Because of the strong drafts within the kiln during firing but especially because of the expansion of the saggars and their contents in the high temperatures of the kiln, the columns of stacked saggars often shift position, sometimes toppling over, in which case the ceramics come to touch the saggar walls, and the melting glaze fuses the two together, as happened in this instance. Such mishaps regularly happened at all kiln sites; in fact, despite the most cautious preparations, they were unavoidable at traditional kilns. The failures—kiln wasters, as they are called—were discarded in the great waste heaps that accumulated at every kiln site. What is remarkable here is that not only is the Jun bowl rare and beautiful, but, except for being fused to the saggar, it is otherwise perfectly preserved.
Celebrated for its pale blue glaze, Jun ware was produced at many kilns in northern China, but particularly at ones in central Henan Province. The kilns are believed to have been active from the tenth to the fourteenth or fifteenth century. Thick, opalescent, and translucent, Jun glazes are a variant of celadon glaze; their robin’s-egg blue color results from the addition of ash to the glaze slurry before firing. Jun ware lacks decoration because its thick, semi-opaque glaze would obscure any such embellishment. During the twelfth and thirteenth centuries, however, Jun potters sometimes shaped their vessels with molds, the pleasing definition of the shape constituting a form of abstract decoration, as witnessed by this bowl’s lobed walls and cusped rim. They also often applied copper filings to localized areas of the glaze before firing, the copper causing the glaze in those areas to assume a purple color in the heat of the kiln.

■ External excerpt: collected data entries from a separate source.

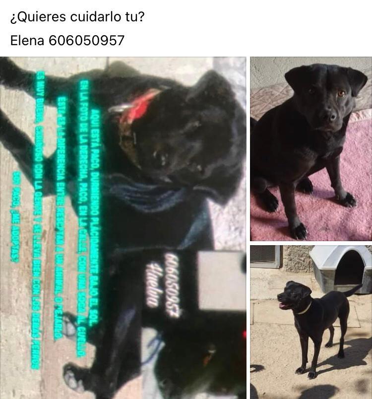 Pero la principal sorpresa fue Paco. Tiene negatividad a la leishmania y está guapísimo. Tiene un pelo negro precioso y, aunque mantiene las distancias con las mujeres, se pone muy contento con las cosas que le dices. Poco a poco se acerca, y te lame. Con los hombres, sin problemas.
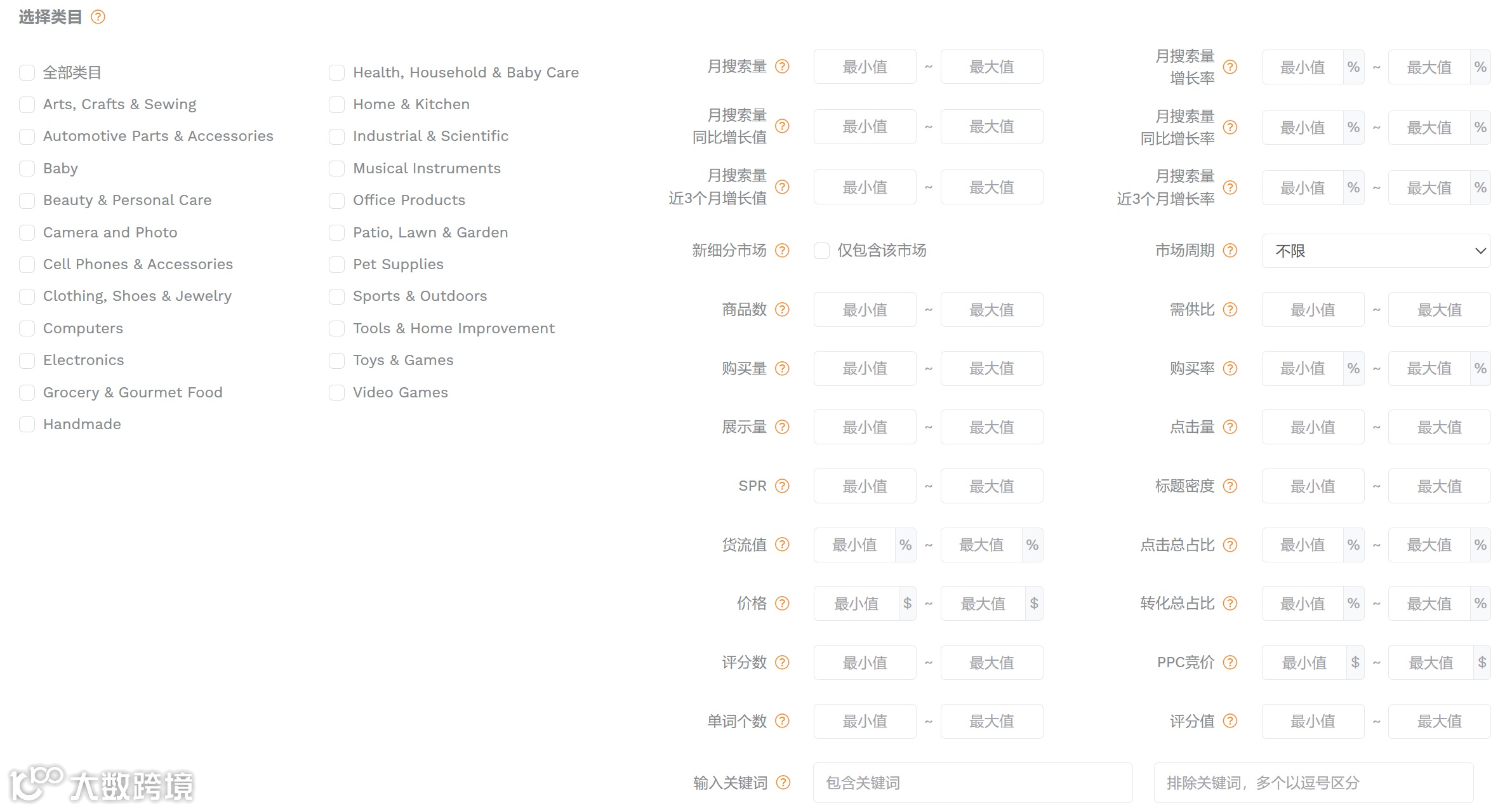 结合自身情况,在【关键词选品】中选择目标类目,设置好筛选条件进行搜索。条件越详细越好,重点设置:
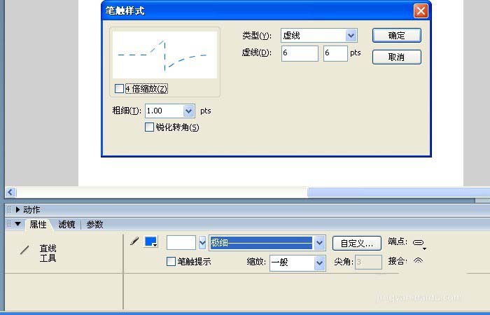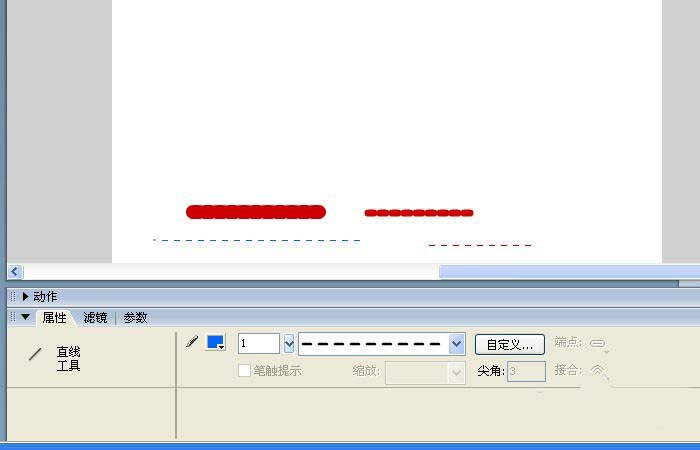 6、在Flash軟件左邊,鼠標(biāo)左鍵單擊工具欄上的【線條工具】,在線條工具的屬性面板上,單擊【自定義】按鈕,在彈出的窗口上可以修改【筆觸樣式】,可任意選擇好后,在畫(huà)布區(qū)繪制幾根線來(lái)看效果。

The collection of the Freer Gallery of Art and Arthur M. Sackler Gallery, Washington, DC, includes two saggar-with-fused-Jun-bowl combinations, each saggar with a bowl of plain circular form but with purple splashes (F1911.335 and F1911.336). No comparable Jun bowls with lobed walls, cusped rims, and well-defined, precisely placed purple markings are known. However, this bowl’s complex form finds kinship in silver bowls from the Southern Song and Jin periods, just as it also shows affinities to lacquerwares of the period. In the Southern Song period, the Guan kilns, near Hangzhou, in northeastern Zhejiang province, produced delicately lobed dishes with barbed rims, as evinced by an example in the National Palace Museum, Taipei. In the Jin and Yuan periods, the Jun kilns occasionally produced large bowls with cloudy blue glaze, gently lobed walls, and barbed rims; two of the latter examples recently sold, one at Christie’s New York, 22 March 2013, lot 1439, and one at Eskenazi, London, published in Eskenazi, Junyao, 31 October - 22 November 2013, London, 2013, pp. 70-73, no. 11.
Robert D. Mowry
Senior Consultant, Christie’s, and
Alan J. Dworsky Curator of Chinese Art Emeritus,
Harvard Art Museums
The saggar: the result of Oxford Authentication thermoluminescence test no. C114a82 is consistent with the dating of this lot.
The bowl: the result of Oxford Authentication thermoluminescence test no. P114p19 is consistent with the dating of this lot.